The proposed representation:

    /prefix1 secureHash1
    /prefix2 secureHash2
    :symbol1 definition1
    :symbol2 definition2
    ~symbol3

A dictionary 'node' is represented by dense, line-oriented ASCII text, representing an update log. Each line will define or delete a symbol (: or ~ respectively), or index another node (via /). Within indexed nodes, we strip the prefix. Hence, :poke under /p becomes :oke. For lookup, only the last update for a symbol or prefix is used. Hence, /p will mask all prior entries with prefix p, including /prod or ~prince. We can normalize a dictionary node by erasing masked entries then sorting whatever remains. Normalization is valuable to maximize structure sharing.

Using secure hashes allows dictionaries to be deeply immutable, persistent data structures. This greatly simplifies versioning and structure sharing. The update log can be allowed to accumulate in a root node then be propagated in batches towards the index nodes, which allows for efficient update and implicit working sets (a log-structured merge-tree). The empty prefix (/ secureHash) is valid, and can be used to represent a dictionary prototype or checkpoint.

Note: The dictionary does not permit comments. That sort of metadata must be embedded within the dictionary, using either associated symbols (such as foo-readme and foo-todo) or embedding in definitions (like "comment"(a2)d). This permits metadata to be preserved when indexed like everything else.

Secure Hash Resources

Awelon dictionaries use secure hashes as identifiers for binary large objects. This has several nice properties: immutable, acyclic, cacheable, securable, provider-independent, self-authorizing, self-authenticating, implicitly structure sharing, automatically named, uniformly sized. Besides use in /prefix secureHash dictionary tree nodes, Awelon dictionaries may embed arbitrary binary resources via %secureHash or oversized Awelon definitions via $secureHash.

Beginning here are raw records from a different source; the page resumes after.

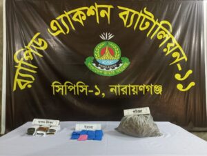 মাদকবিরোধী বিশেষ অভিযান,মাদকদ্রব্য নিয়ন্ত্রণে র্যাব-১১ নিয়মিত অভিযান পরিচালনা করছে। এরই অংশ হিসেবে গোপন তথ্যের ভিত্তিতে ০৩ ডিসেম্বর ২০২৫ তারিখ নারায়ণগঞ্জের ফতুল্লা থানাধীন পিলকুনী পাঁচতলা এলাকায় সিপিসি-১, র্যাব-১১ এর একটি আভিযানিক দল বিশেষ অভিযান পরিচালনা করে।
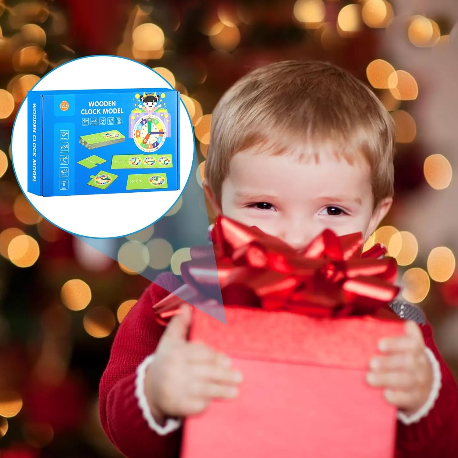 • 【Horloge Calendrier pour Enfants】Le produit comprend une horloge en bois, un support et 15 cartes recto-verso. L’horloge d’apprentissage pour enfants est dotée d’aiguilles mobiles des heures, des minutes et des secondes qui peuvent être ajustées en fonction de l’heure indiquée sur la carte. Avec cette horloge calendrier, votre enfant apprendra facilement toutes les informations sur l’heure.
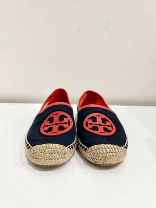 Tory Burch Angus Canvas Slip On Espadrilles Flat with Logo Blue/Orange Women 6.5
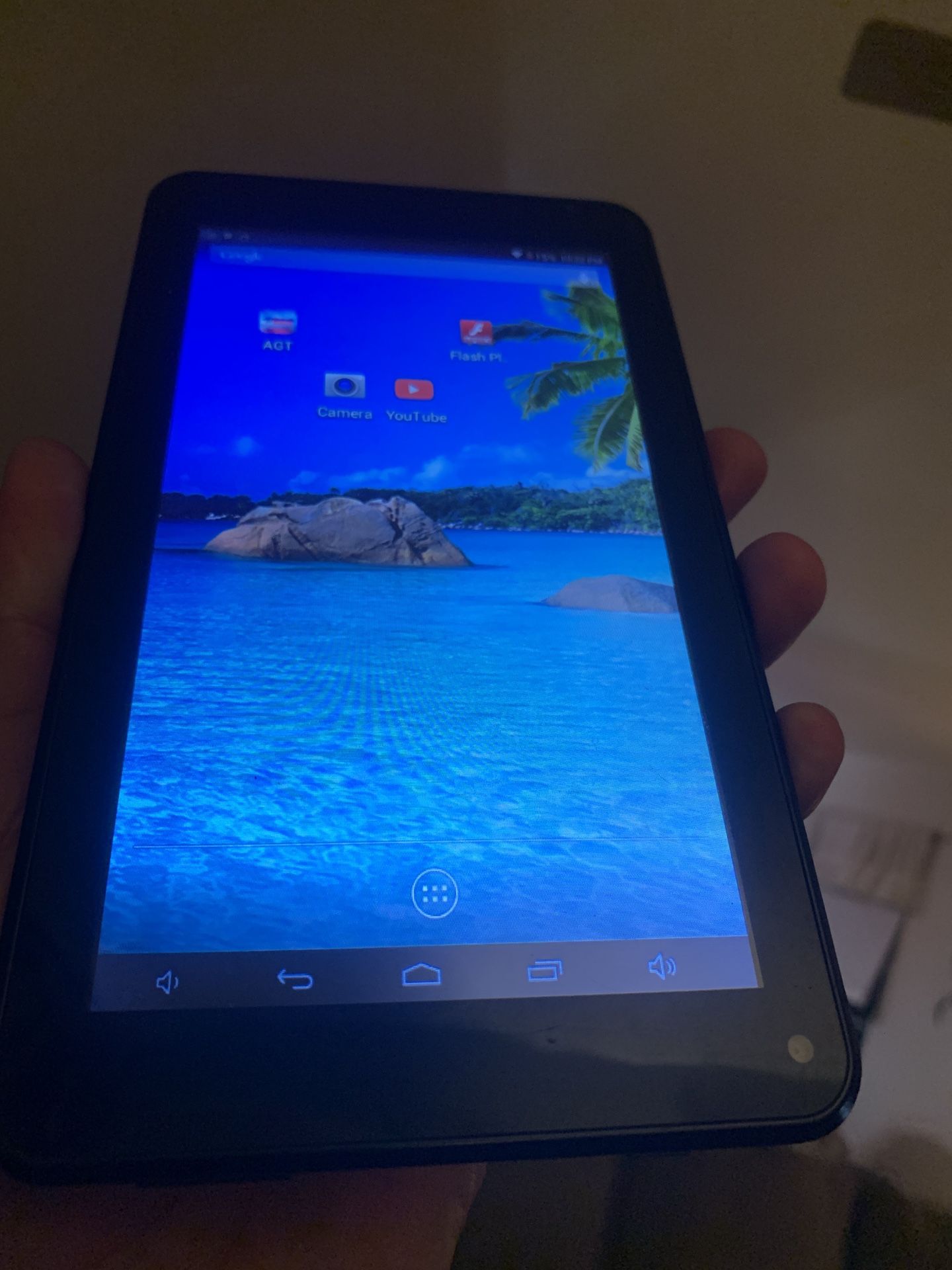 7” generic brand too old to run newer software but if you want to play videos and play old games this will work
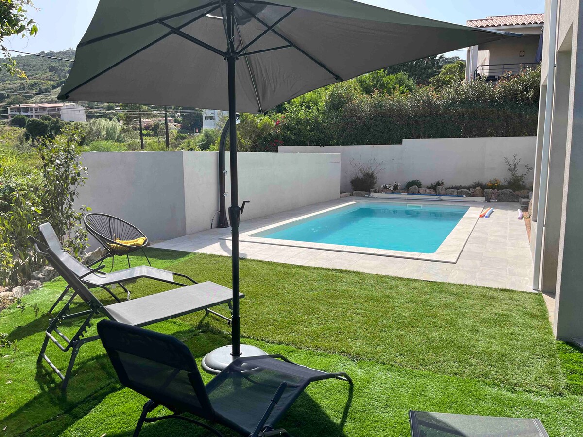 Piscine chauffée et plage de favone a 200m à pied
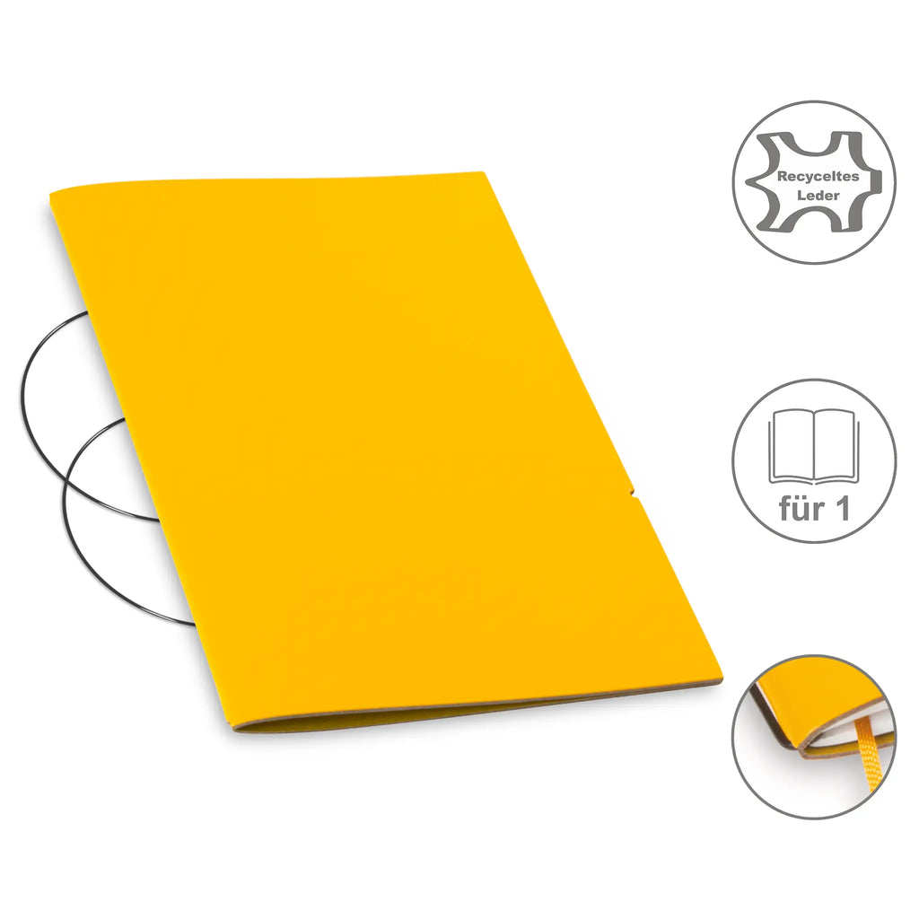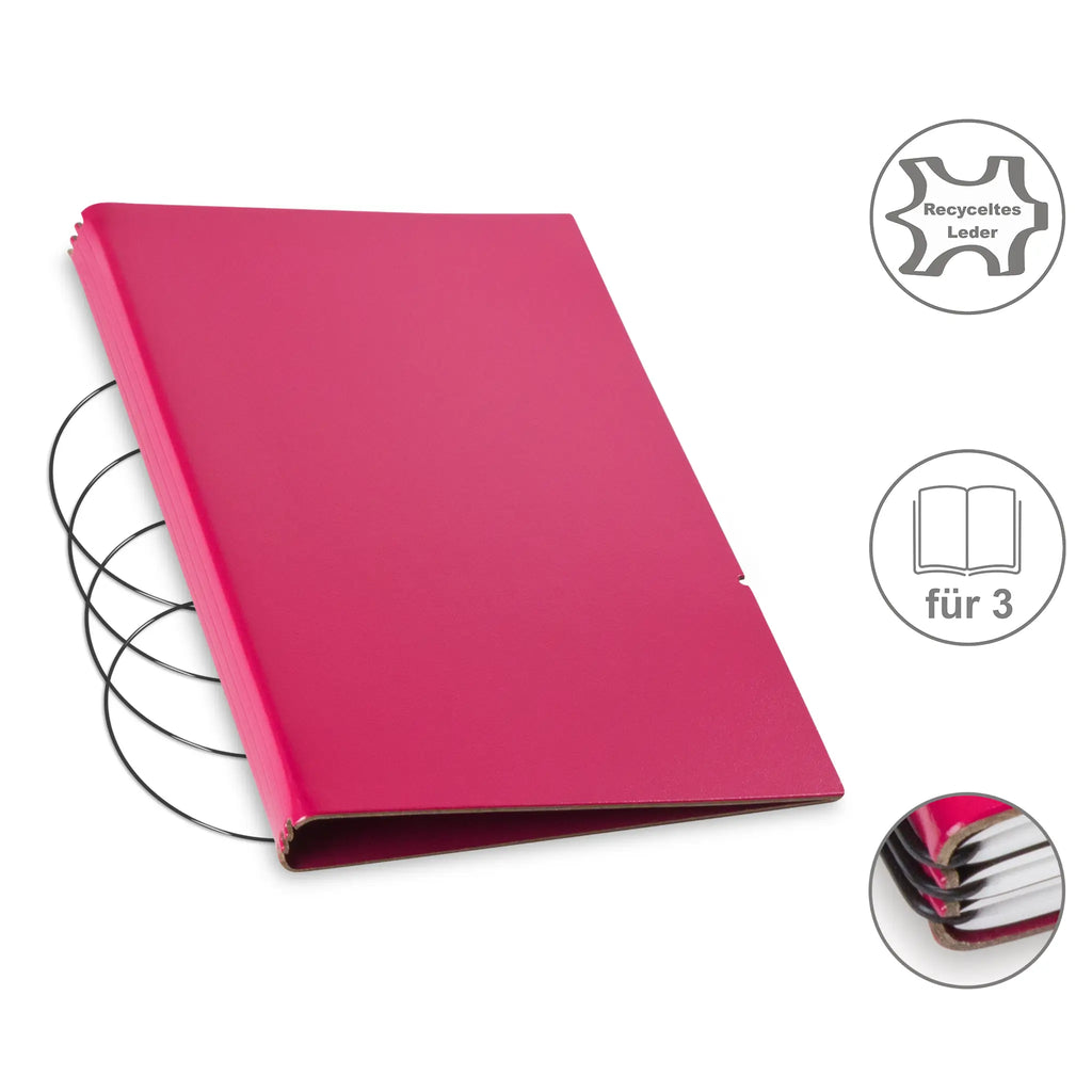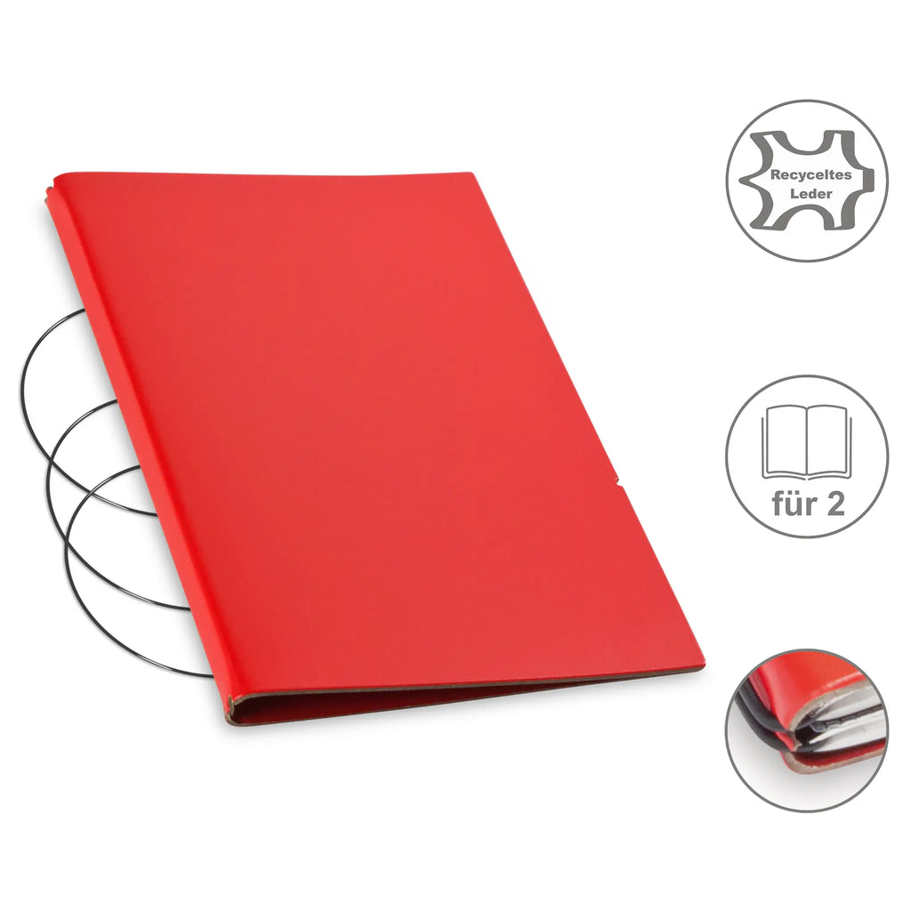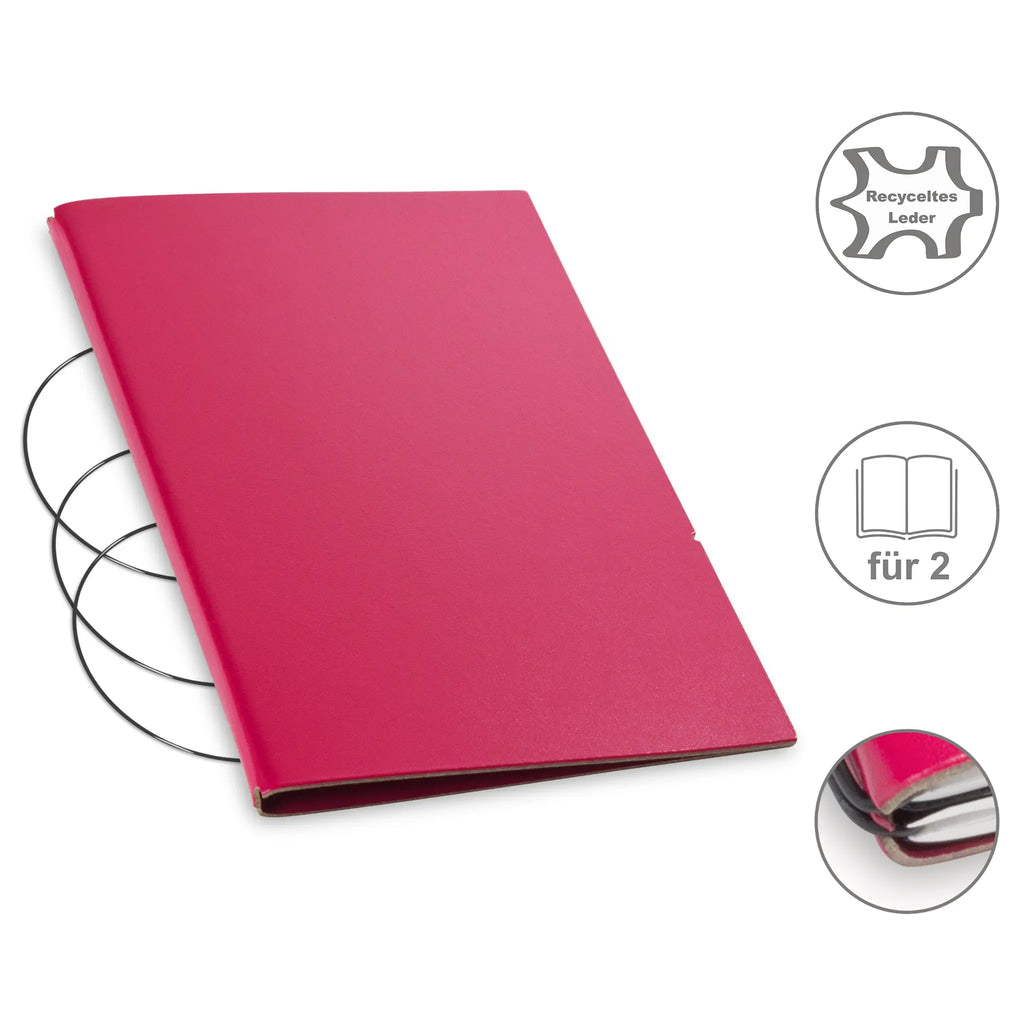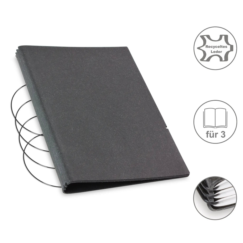 Diese nachhaltige A5 Hülle aus Leder oder hochwertigem Lederfasermaterial schützt Ihre Notizen stilvoll und umweltbewusst. Dank des durchdachten Designs können Sie den Inhalt jederzeit austauschen und die Hülle lange nutzen. Im Lieferumfang sind passende schwarze ElastiXs enthalten, die für sicheren Halt sorgen und Ihre Unterlagen fest zusammenhalten. So bleibt Ihre Organisation flexibel und elegant zugleich.
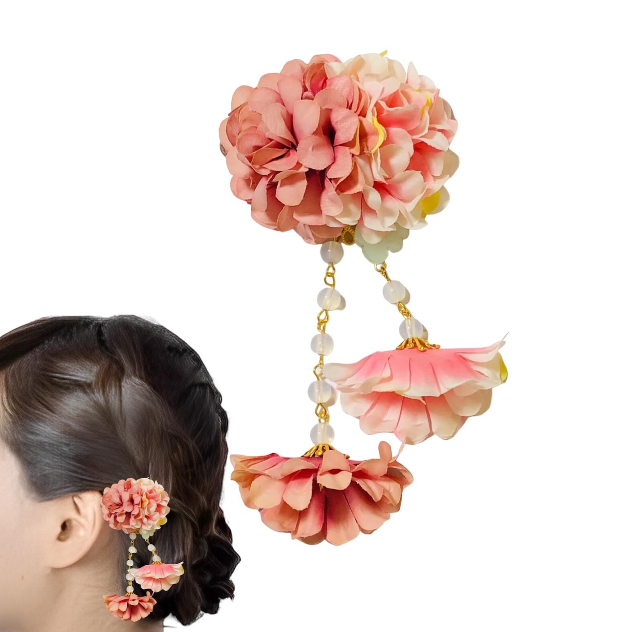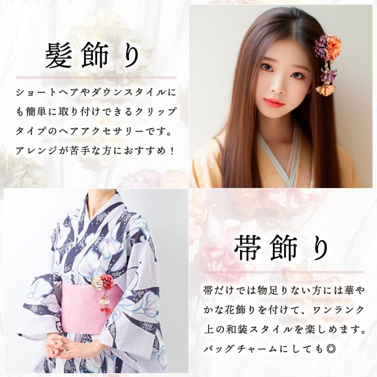 【ヘアクリップタイプ】和装のお団子ヘア、まとめ髪に。また、クリップタイプですので、ショートヘアの方にもご使用いただけます。簡単に髪に留めるだけで、和装スタイルにワンポイントのお花が華やかさを添えます。
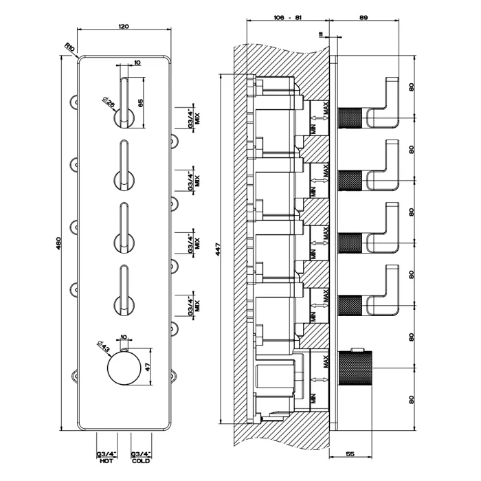Смеситель для ванны/душа термостатический скрытого монтажа внешняя часть 4 потока INCISO 299 Black XL GESSI
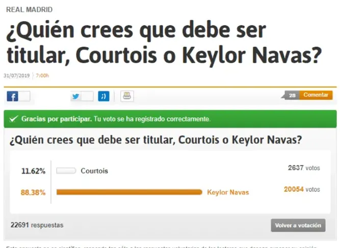 “¿Quién crees que debe ser titular, Courtois o Keylor Navas?” lepreguntó el diario deportivo a sus lectores; y los resultados fueron contundentes.
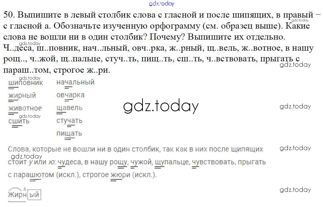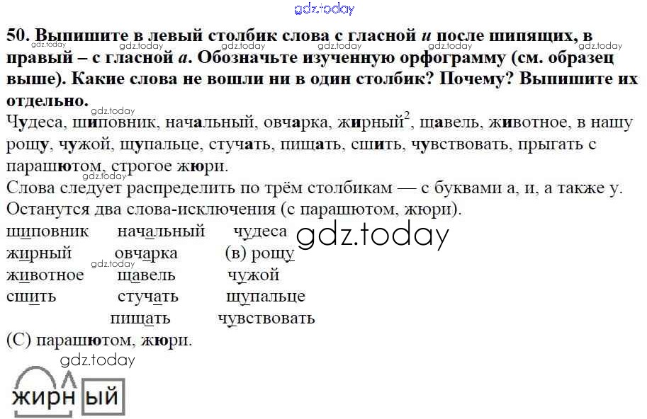 На страницах сайта gdz.today вы найдете учебный и вспомогательный материал, направленный на улучшения знаний школьной программы. ГДЗ - онлайн мир знаний Часть 1. Решение к упражнениям 50 Учебнику по Русскому языку для 5 класса Баранов, Ладыженская Просвещение, Просвещение 2016, 2019

    :my-binary-large-object %secureHashOfBinary
    :my-oversized-function $secureHashOfDefinition

Binary resources allow us to embed images, meshes, textures, sounds, and other ad-hoc binary data in our codebase without resorting to awkward base64 encodings or other techniques. References to external definitions, meanwhile, are mostly relevant for optimizing the dictionary representation, ensuring a predictable worst-case size for dictionary index nodes.

Support for binary resources in this manner ameliorates much awkwardness when embedding bulk data within Awelon code. A binary resource is treated similar to an embedded text, a list of bytes, albeit with fewer limitations. We can easily embed images, for example. Large definitions, meanwhile, may work together with Stowage to support large structured data.

Specifically, the current secure hash proposal is the 320-bit BLAKE2b algorithm encoding the hash using 64 characters in a variant base32 alphabet.

    Base32 Alphabet: bcdfghjklmnpqrstBCDFGHJKLMNPQRST
        encoding 0..31 respectively

    Example hashes, chained from "test":

    rmqJNQQmpNmKlkRtsbjnjdmbLQdpKqNlndkNKKpnGDLkmtQLPNgBBQTRrJgjdhdl
    cctqFDRNPkprCkMhKbsTDnfqCFTfSHlTfhBMLHmhGkmgJkrBblNTtQhgkQGQbffF
    bKHFQfbHrdkGsLmGhGNqDBdfbPhnjJQjNmjmgHmMntStsNgtmdqmngNnNFllcrNb

The BLAKE2b algorithm could be replaced by another, simply rewriting the entire dictionary, if ever it proves inadequate. The proposed base32 alphabet is chosen to avoid accidental offense with pronounceable words.

Note: Binary resources are a feature of the Awelon dictionary, and may only be indirectly referenced through the associated Awelon word. This constraint exists to simplify indexing, versioning, and caching.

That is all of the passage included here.